__GOAL OF THE EXERCISE__. Transcribe the data that follows without changing a word, and omit the pictures.

__DATASET RECORDS__.
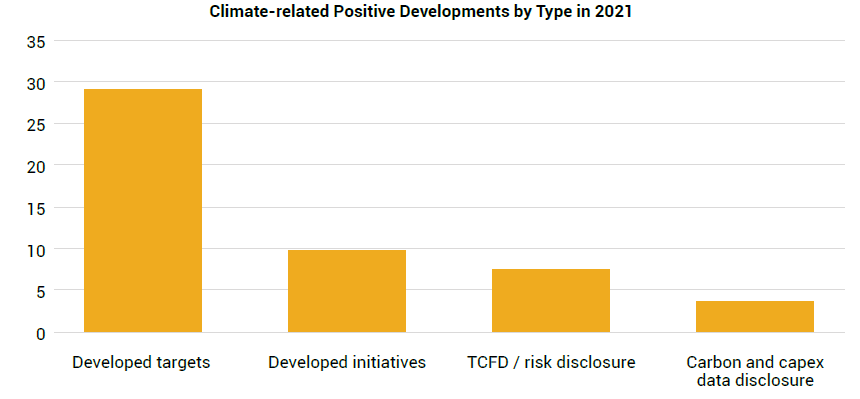 During 2021, 225 Positive Developments were recorded. As shown in the below chart, of the 51 climate-related ones, 29 pertain to developing climate targets, ten on corporate initiatives to address climate change (e.g., energy efficiency programs), eight on the commitment to aligning disclosure with TCFD or enhanced risks disclosure and four on better transparency on carbon emission and capex data.
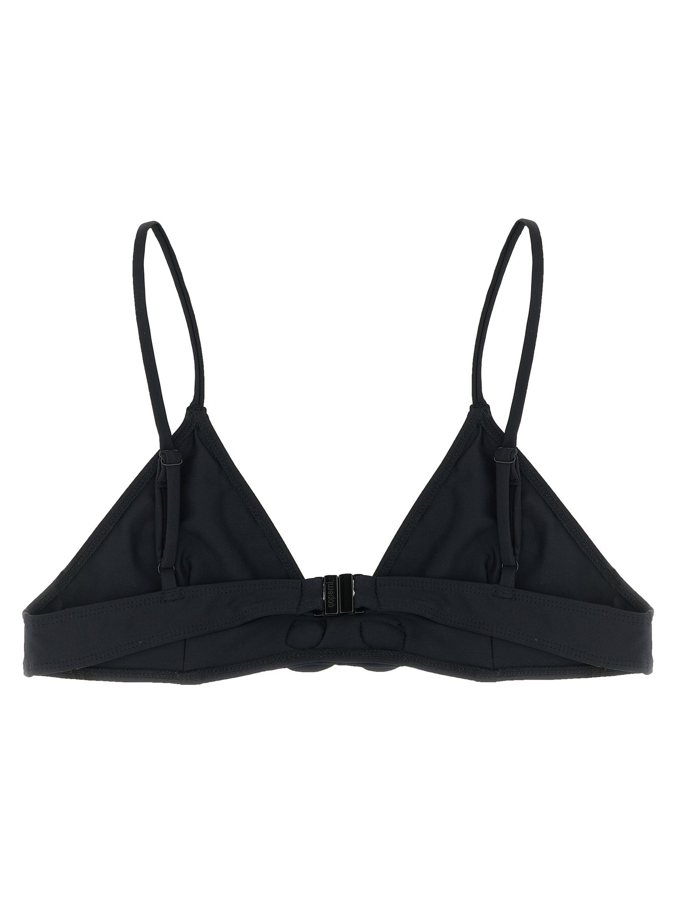 'Flower' triangle bikini top in technical fabric with pincer and central floral detail, thin adjustable straps, back hook closure.
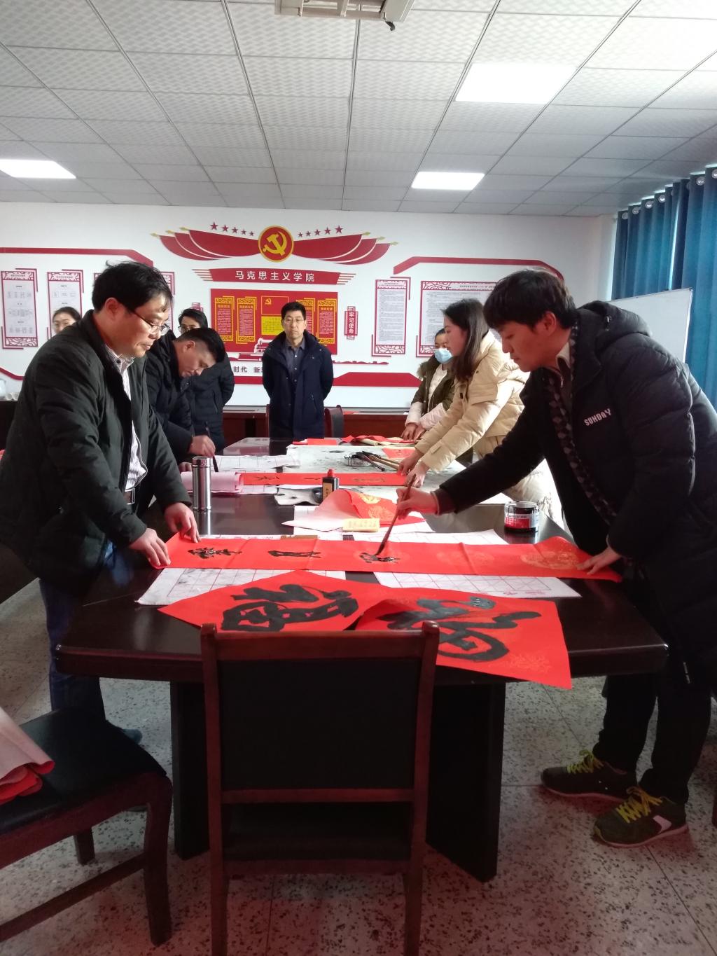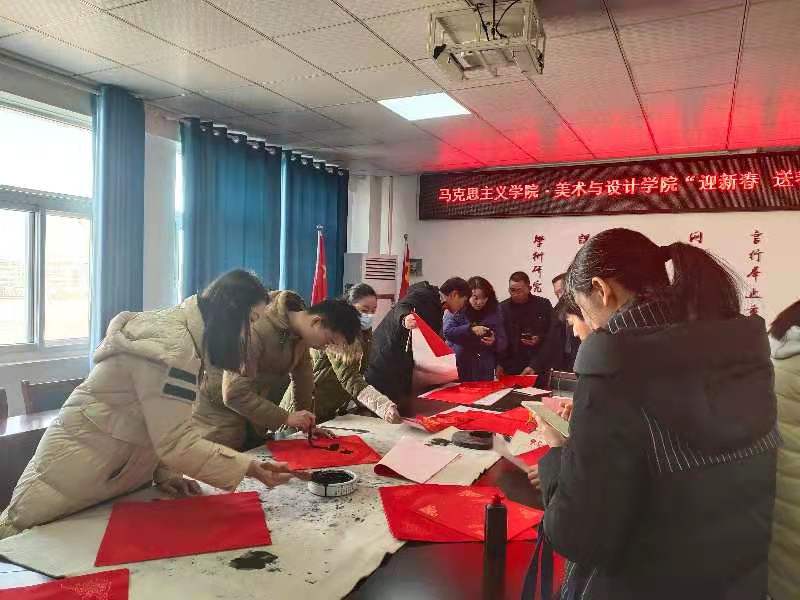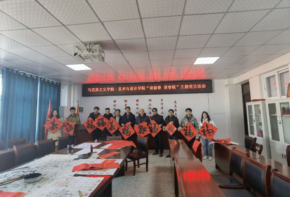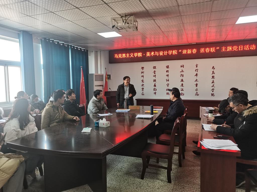 “鼠去牛来辞旧岁,龙飞风舞庆明时”。在新春佳节即将到来之际,为传承和弘扬中华优秀传统文化,进一步坚定文化自信,营造积极向上、欢乐祥和喜庆文明的节日氛围,1月13日上午,马克思主义学院党总支和美术与设计学院党委在马克思主义学院会议室共同开展“迎新春送春联”主题党日活动。马克思主义学院院长李玉才、教师第一、二党支部全体党员和美术与设计学院院长许兴海、组织员边洪强、书法学专业部分老师、学生代表40余人参加活动。活动由马克思主义学院党总支书记赵国付和美术与设计学院党委书记陈述立主持。
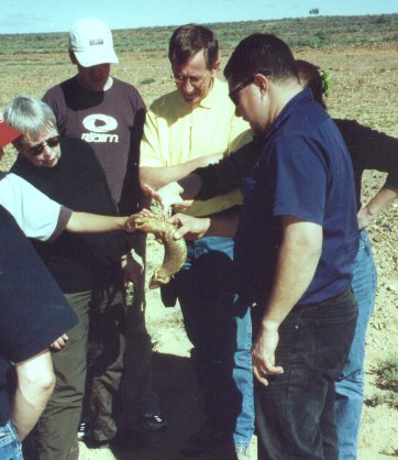 Every now and then Bill would see some sort of animal while driving and he would bring the bus to a sudden halt on the side of the road. He would then jump out of the bus and grab what he'd spotted. In this case, it was a stumpy-tailed lizard.
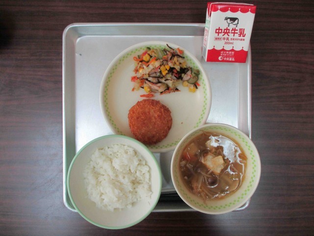 【本日の献立】牛乳・ご飯、エビカツ、りっちゃんのサラダ、湯葉のすまし汁
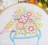 These four patterns all have a small bird perched on the handle of a vase or jug etc that is filled with flowers.
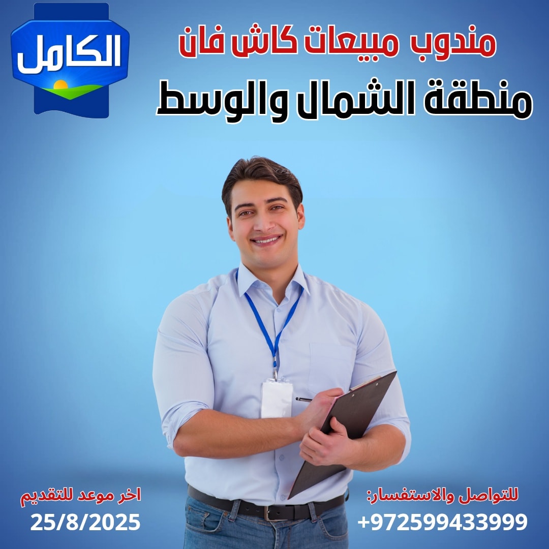 وظائف مندوب مبيعات كاش فان – الكامل ألبان وأجبان بلدية جنين 2025
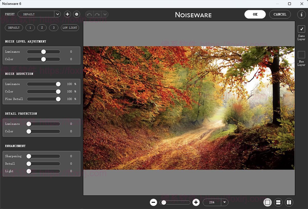 噪点降低:Noiseware的主要功能是减少图像中的噪点,包括色彩噪点和亮度噪点。这有助于改善图像的清晰度和细节,特别是在低光条件下拍摄的照片。
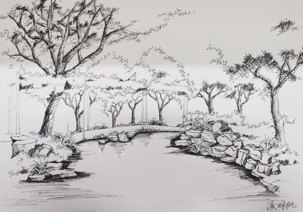 在陈陈老师的指导下,我们掌握了一些描绘假山,水池,树木,亭廊的方法,同学们对实景的描绘能力、对线条的控制能力、对明暗灰度的划分能力都获得很大提高,通过现场教学和绘画练习,不少同学作品,整个空间感层次明显,群落配置适宜,透视效果好。
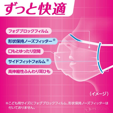 (こども用サイズに形状保持ノーズフィッターは付いておりません)
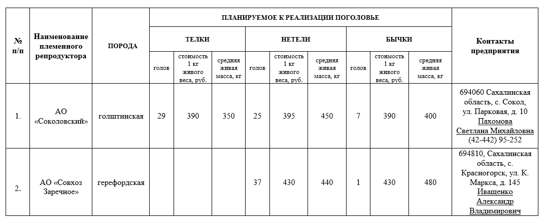 Публикуем планируемую реализацию племенного молодняка крупного рогатого скота из племенных репродукторов Сахалинской области в 2024 году, данные представлены в таблице.
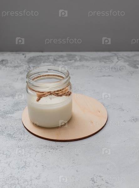 Молоко в стеклянной банке на деревянной доске. Всемирный день вегетарианца. Без лактозы, многоразовая упаковка. Неаллергическое питание. Домашняя еда. Копировать пространство
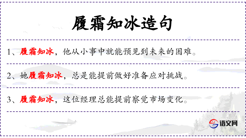 - 文化背景:成语“履霜知冰”体现了**文化中对预见性和谨慎的重视。
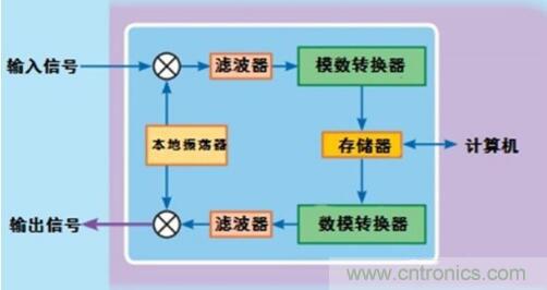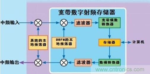 如下圖所示,數(shù)字射頻存儲器可以將接收信號轉(zhuǎn)換為中頻(IF)信號。然后將中頻信號的帶寬數(shù)字化。數(shù)字化信號被存儲在存儲器中傳輸?shù)接嬎銠C(jī)。計算機(jī)對信號進(jìn)行必要的分析和修正,使其滿足干擾技術(shù)需求。

__REPLY__.
 During 2021, 225 Positive Developments were recorded. As shown in the below chart, of the 51 climate-related ones, 29 pertain to developing climate targets, ten on corporate initiatives to address climate change (e.g., energy efficiency programs), eight on the commitment to aligning disclosure with TCFD or enhanced risks disclosure and four on better transparency on carbon emission and capex data.
 'Flower' triangle bikini top in technical fabric with pincer and central floral detail, thin adjustable straps, back hook closure.
 “鼠去牛来辞旧岁,龙飞风舞庆明时”。在新春佳节即将到来之际,为传承和弘扬中华优秀传统文化,进一步坚定文化自信,营造积极向上、欢乐祥和喜庆文明的节日氛围,1月13日上午,马克思主义学院党总支和美术与设计学院党委在马克思主义学院会议室共同开展“迎新春送春联”主题党日活动。马克思主义学院院长李玉才、教师第一、二党支部全体党员和美术与设计学院院长许兴海、组织员边洪强、书法学专业部分老师、学生代表40余人参加活动。活动由马克思主义学院党总支书记赵国付和美术与设计学院党委书记陈述立主持。
 Every now and then Bill would see some sort of animal while driving and he would bring the bus to a sudden halt on the side of the road. He would then jump out of the bus and grab what he'd spotted. In this case, it was a stumpy-tailed lizard.
 【本日の献立】牛乳・ご飯、エビカツ、りっちゃんのサラダ、湯葉のすまし汁
 These four patterns all have a small bird perched on the handle of a vase or jug etc that is filled with flowers.
 وظائف مندوب مبيعات كاش فان – الكامل ألبان وأجبان بلدية جنين 2025
 噪点降低:Noiseware的主要功能是减少图像中的噪点,包括色彩噪点和亮度噪点。这有助于改善图像的清晰度和细节,特别是在低光条件下拍摄的照片。
 在陈陈老师的指导下,我们掌握了一些描绘假山,水池,树木,亭廊的方法,同学们对实景的描绘能力、对线条的控制能力、对明暗灰度的划分能力都获得很大提高,通过现场教学和绘画练习,不少同学作品,整个空间感层次明显,群落配置适宜,透视效果好。
 (こども用サイズに形状保持ノーズフィッターは付いておりません)
 Публикуем планируемую реализацию племенного молодняка крупного рогатого скота из племенных репродукторов Сахалинской области в 2024 году, данные представлены в таблице.
 Молоко в стеклянной банке на деревянной доске. Всемирный день вегетарианца. Без лактозы, многоразовая упаковка. Неаллергическое питание. Домашняя еда. Копировать пространство
 - 文化背景:成语“履霜知冰”体现了**文化中对预见性和谨慎的重视。
 如下圖所示,數(shù)字射頻存儲器可以將接收信號轉(zhuǎn)換為中頻(IF)信號。然后將中頻信號的帶寬數(shù)字化。數(shù)字化信號被存儲在存儲器中傳輸?shù)接嬎銠C(jī)。計算機(jī)對信號進(jìn)行必要的分析和修正,使其滿足干擾技術(shù)需求。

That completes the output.